I am one member of a five person board. The opinions I express on this forum are mine only, and do not necessarily reflect the views or opinions of the Escambia County Staff, Administrators, Employees, or anyone else associated with Escambia County Florida. I am interested in establishing this blog as a means of additional transparency to the public, outreach to the community, and information dissemination to all who choose to look. Feedback is welcome, but because public participation is equally encouraged, appropriate language and decorum is mandatory.

Saturday, July 25, 2009

Florida Property Tax Policy--Rewarding Local Government Coffers in Up AND Down Housing Markets

A recent article in Time Magazine illustrated the dysfunctionality of Florida's property tax system. from the article:

“Welcome to Florida, the land of no income taxes — and killer property taxes. Whether it's a nightmare for someone who just purchased a Florida foreclosure or a tax hike that proves the last straw for some struggling homeowner, it's bad news for the individual, and increasingly for the state. It's also a painful reminder of the halcyon days when Florida's economy could lazily rely on soaring real estate prices — and related taxes — to pour ever more money into government coffers. Now local governments say they're broke, thanks to the housing bust, and many are trying to maintain the lofty property-tax rates levied during the housing boom or even increase them — even though that could exacerbate the housing bust….because of arcane provisions in the homestead law, government appraisers can tell a homeowner that although his house's current market value may be as depressed as a Florida sinkhole, its taxable value is still high or rising. More important, many of the state's county and local governments are raising their millage rate (the rate per $1,000 of assessed value that determines the property-tax bill) to make up for budget shortfalls.”

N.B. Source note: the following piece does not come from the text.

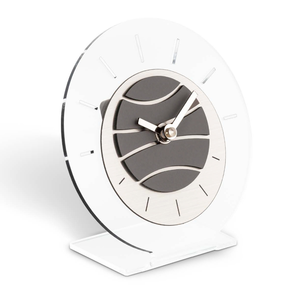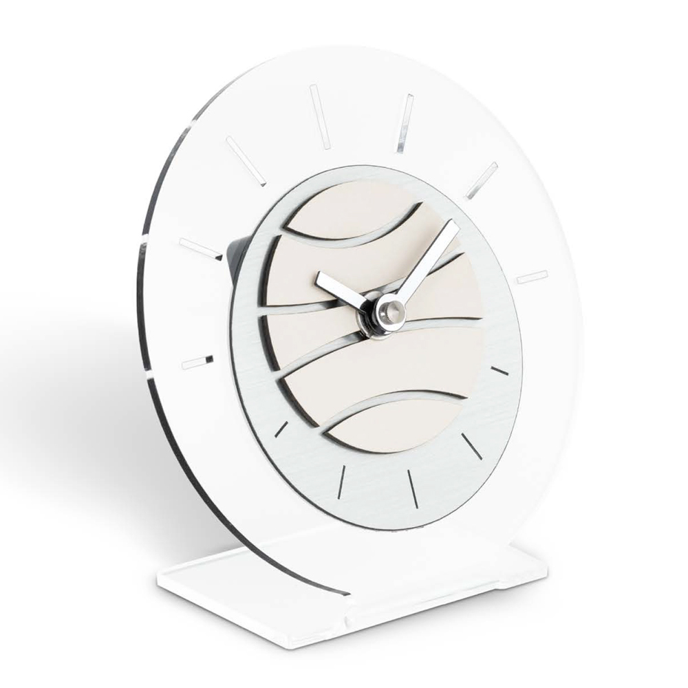 Table clock made of high density and purity transparent methacrylate , cutting of the base and dial obtained with high-tech tools, entirely Made in Italy.

I know, I know, we're told that raising the millage rate is not a tax increase, (tell that to a new Escambia County homeowner or new commercial property purchaser or someone who's assessed value remained flat over last year) but I still believe it is disingenuous to raise a taxation rate and not call that an increase. I'm sorry, I just don't buy that.

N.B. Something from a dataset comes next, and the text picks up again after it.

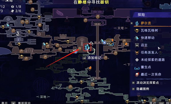 1、首先玩家需要先前往下城区域,就在图中所标注的位置。
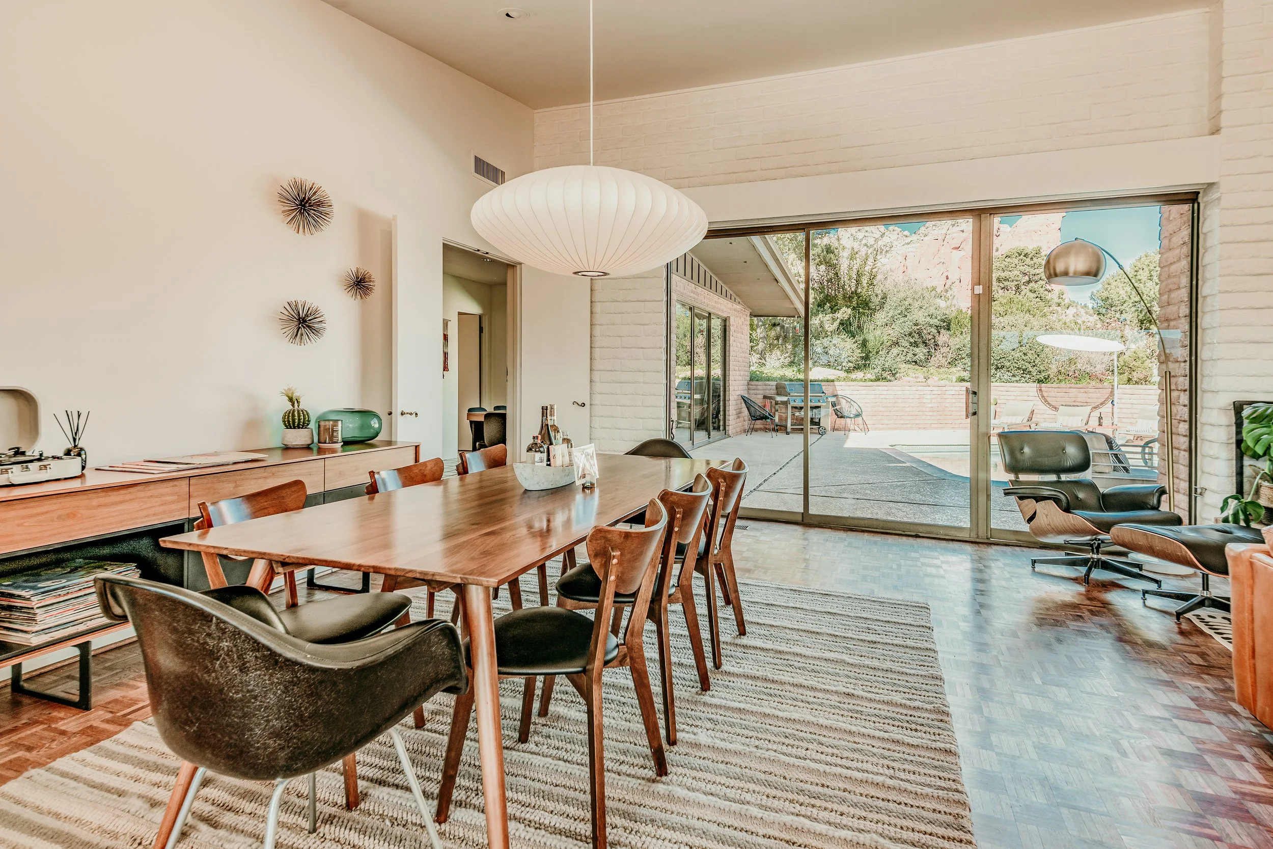 Step into the enchanting world of Halona House, nestled in West Sedona's embrace. Surrender to the panorama of RED ROCK mountain vistas that envelop you. Immerse yourself in the allure of the sparkling pool and the embrace of a brand-new Jacuzzi. This spacious mid-century modern sanctuary, a masterpiece by a local architect, beckons with vintage furnishings and a unique charm. Discover the indulgence of 3 extra-large rooms, each a haven of comfort. The symphony of indoor-outdoor living plays on, as sliding glass doors connect you with nature from every corner. Venture out - trails, culinary delights, and shops are a leisurely stroll away, while serenity reigns in your quiet oasis. Welcome to Halona House, where Sedona's magic meets tranquility.

My opinion is that local government coffers (all levels, even school districts) need to be responsible in growing their budgets during booms--but they also owe it to taxpayers to decrease their budgets during "once in a lifetime severity" type recessions. Most normal households, small businesses, and taxpayers have to suck it up when the economy turns bad. When times are tough, everything gets cut, cut, cut. Local governments should be no different! The idea that raising tax rates such that a government's locally raised budget remains at the same level as a previous year's level--even during historic financial turmoil-- is irrational; and no matter what TRIM law verbage or other explanation one uses--increasing a tax rate is a tax increase. Doing it amid the backdrop of 11% unemployment, record foreclosure rates and bankruptcy filings is unconscionable.